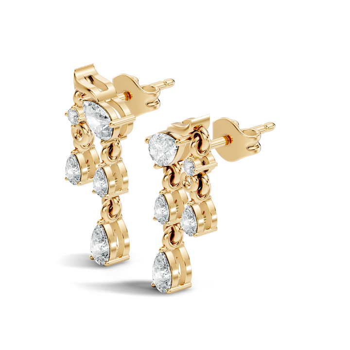 Handcrafted in 10K white gold, featuring lab-grown and natural pear and round-cut diamonds, total carat weight 3.80 Ct, drop stud prong setting, friction back studs. Customize any piece in 10K, 14K, or 18K yellow, rose, or white gold, with your choice of lab-grown or natural diamonds where applicable.
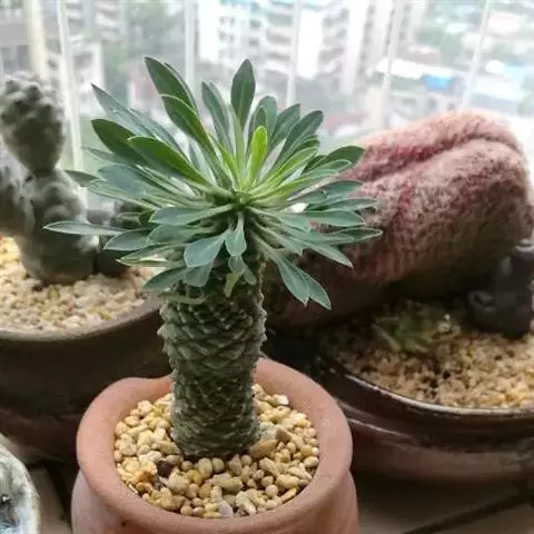 松虫又名天锦星、金钱章,为多年生草本,叶片紧密排列,叶面有淡绿色斑点,植株有粗大的木质茎,容易长侧…
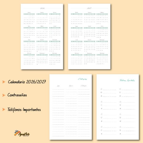 Agenda 2026 - Tapa dura A5 - Vista Diaria - Verde
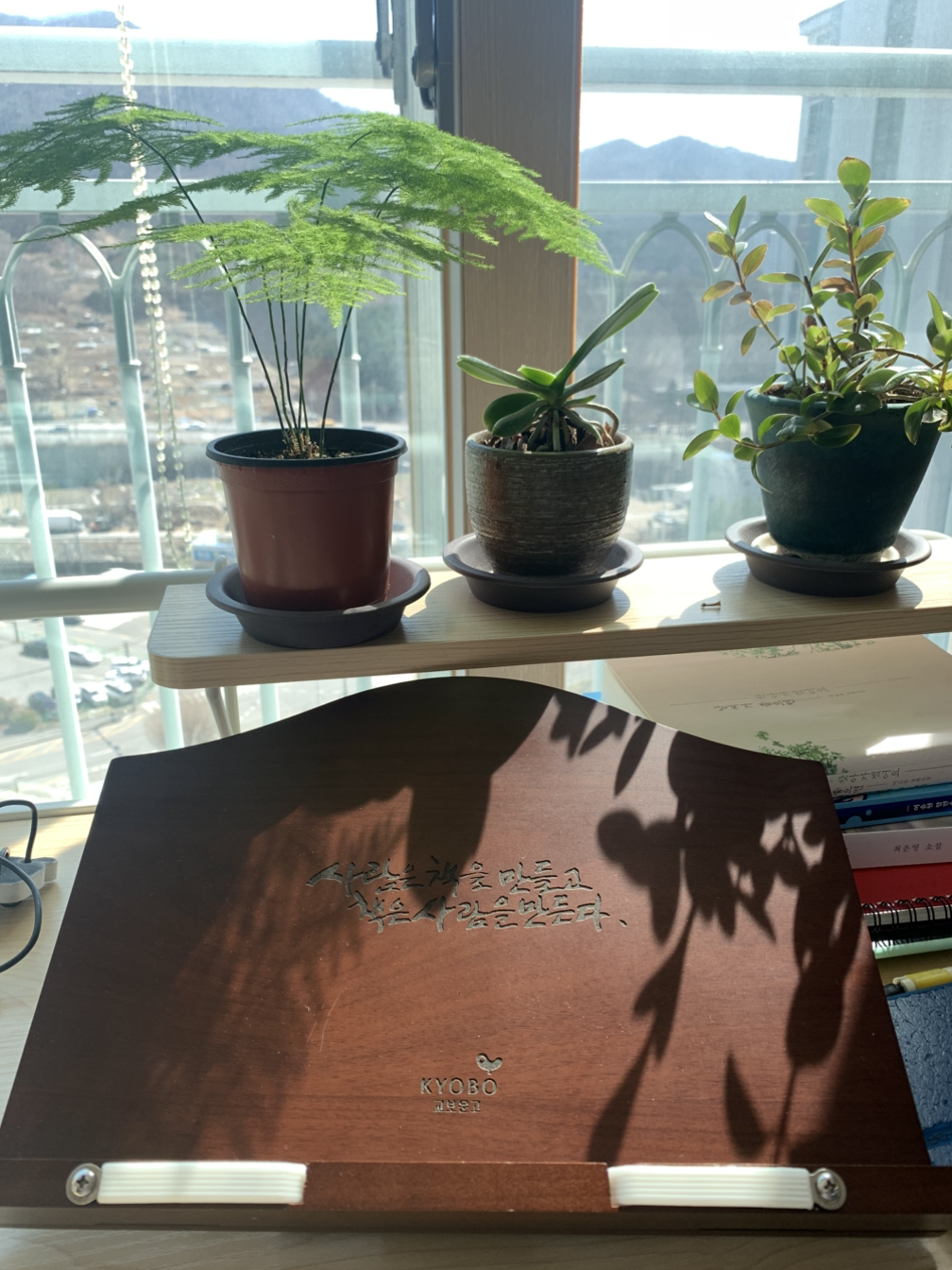 책 위로 드리워지는 연둣빛 잎의 그림자가 살랑거리며 외로운 마음을 달래준다.
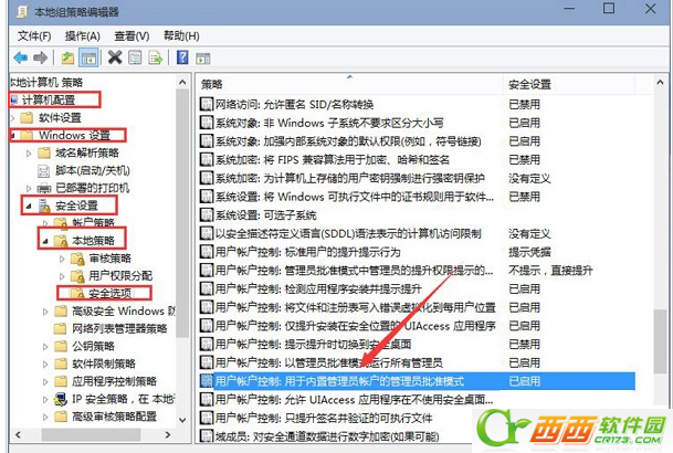 2、打开策略组之后,在右侧选项列表中,展开【计算机配置】—【Windows设置】—【安全设置】—【本地策略】—【安全选项】;
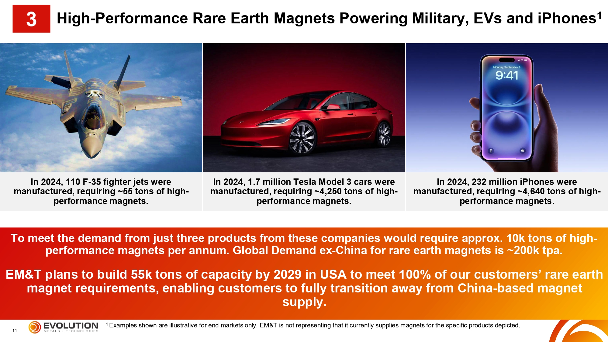 11 High - Performance Rare Earth Magnets Powering Military, EVs and iPhones 1 In 2024, 110 F - 35 fighter jets were manufactured, requiring ~55 tons of high - performance magnets. In 2024, 1.7 million Tesla Model 3 cars were manufactured, requiring ~4,250 tons of high - performance magnets. In 2024, 232 million iPhones were manufactured, requiring ~4,640 tons of high - performance magnets. To meet the demand from just three products from these companies would require approx. 10k tons of high - performance magnets per annum. Global Demand ex - China for rare earth magnets is ~200k tpa. EM&T plans to build 55k tons of capacity by 2029 in USA to meet 100% of our customers’ rare earth magnet requirements, enabling customers to fully transition away from China - based magnet supply. 3 1 Examples shown are illustrative for end markets only. EM&T is not representing that it currently supplies magnets for the specific products depicted.
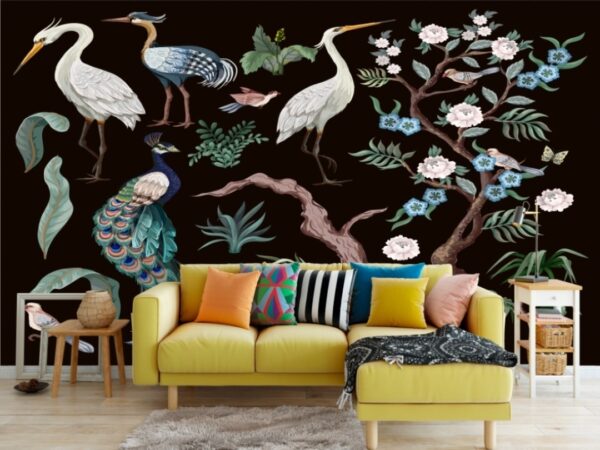 Herons, peacock, peonies and bird in chinoiserie style isolated. Vector.
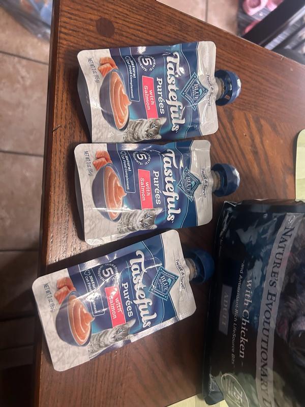 - - Contains one Three oz Resealable Twist Cap Pouch of BLUE Tastefuls Adult Cat Natural Purees
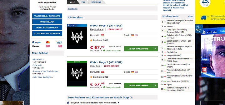 Sklepy handlujące grami wideo mają to do siebie, że często spieszą się z dodawaniem do swoich ofert jeszcze niezapowiedzianych produkcji. Choć nie brakuje zwyczajnych pomyłek, zazwyczaj takie „wycieki” są niedługo później potwierdzane przez wydawców (jak miało to miejsce choćby w przypadku gry RAGE 2). Istnieje szansa, że podobny los spotka trzecią odsłonę cyklu Watch Dogs, która pojawiła się na liście produktów sprzedawanych przez austriacki Gameware.
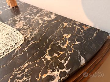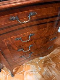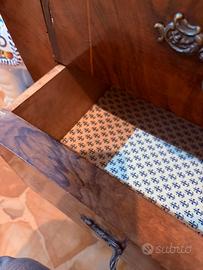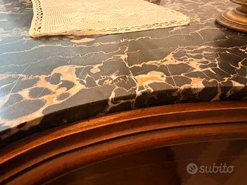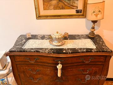Vendo elegante cassettone d’epoca di inizio ’900 in legno lastronato, con linea mossa e raffinati dettagli decorativi. Il mobile presenta: •piano in marmo scuro •4 cassetti molto capienti •ferramenta originale in metallo •intarsi decorativi sul fronte •linea sagomata con gambe mosse, tipica dei mobili d’epoca È un pezzo di grande presenza, adatto a ingresso, soggiorno o camera da letto, perfetto per chi cerca un mobile antico di carattere. Misure circa: •larghezza: 120 cm •profondità: 50 cm •altezza: 100 cm Condizioni: buone in rapporto all’età, con normali segni del tempo e dell’uso, visibili in foto. Interni cassetti presenti e funzionali. 📍 Ritiro a Genova Pegli Disponibile per visione su appuntamento. Trasporto a carico dell’acquirente. Prezzo richiesto: 420 € trattabili

[About this exercise]:
If an entry above holds a picture, omit the picture but retype everything else exactly.

[Solved exercise]:
 Handcrafted in 10K white gold, featuring lab-grown and natural pear and round-cut diamonds, total carat weight 3.80 Ct, drop stud prong setting, friction back studs. Customize any piece in 10K, 14K, or 18K yellow, rose, or white gold, with your choice of lab-grown or natural diamonds where applicable.
 松虫又名天锦星、金钱章,为多年生草本,叶片紧密排列,叶面有淡绿色斑点,植株有粗大的木质茎,容易长侧…
 Agenda 2026 - Tapa dura A5 - Vista Diaria - Verde
 책 위로 드리워지는 연둣빛 잎의 그림자가 살랑거리며 외로운 마음을 달래준다.
 2、打开策略组之后,在右侧选项列表中,展开【计算机配置】—【Windows设置】—【安全设置】—【本地策略】—【安全选项】;
 11 High - Performance Rare Earth Magnets Powering Military, EVs and iPhones 1 In 2024, 110 F - 35 fighter jets were manufactured, requiring ~55 tons of high - performance magnets. In 2024, 1.7 million Tesla Model 3 cars were manufactured, requiring ~4,250 tons of high - performance magnets. In 2024, 232 million iPhones were manufactured, requiring ~4,640 tons of high - performance magnets. To meet the demand from just three products from these companies would require approx. 10k tons of high - performance magnets per annum. Global Demand ex - China for rare earth magnets is ~200k tpa. EM&T plans to build 55k tons of capacity by 2029 in USA to meet 100% of our customers’ rare earth magnet requirements, enabling customers to fully transition away from China - based magnet supply. 3 1 Examples shown are illustrative for end markets only. EM&T is not representing that it currently supplies magnets for the specific products depicted.
 Herons, peacock, peonies and bird in chinoiserie style isolated. Vector.
 - - Contains one Three oz Resealable Twist Cap Pouch of BLUE Tastefuls Adult Cat Natural Purees
 Sklepy handlujące grami wideo mają to do siebie, że często spieszą się z dodawaniem do swoich ofert jeszcze niezapowiedzianych produkcji. Choć nie brakuje zwyczajnych pomyłek, zazwyczaj takie „wycieki” są niedługo później potwierdzane przez wydawców (jak miało to miejsce choćby w przypadku gry RAGE 2). Istnieje szansa, że podobny los spotka trzecią odsłonę cyklu Watch Dogs, która pojawiła się na liście produktów sprzedawanych przez austriacki Gameware.
Vendo elegante cassettone d’epoca di inizio ’900 in legno lastronato, con linea mossa e raffinati dettagli decorativi. Il mobile presenta: •piano in marmo scuro •4 cassetti molto capienti •ferramenta originale in metallo •intarsi decorativi sul fronte •linea sagomata con gambe mosse, tipica dei mobili d’epoca È un pezzo di grande presenza, adatto a ingresso, soggiorno o camera da letto, perfetto per chi cerca un mobile antico di carattere. Misure circa: •larghezza: 120 cm •profondità: 50 cm •altezza: 100 cm Condizioni: buone in rapporto all’età, con normali segni del tempo e dell’uso, visibili in foto. Interni cassetti presenti e funzionali. 📍 Ritiro a Genova Pegli Disponibile per visione su appuntamento. Trasporto a carico dell’acquirente. Prezzo richiesto: 420 € trattabili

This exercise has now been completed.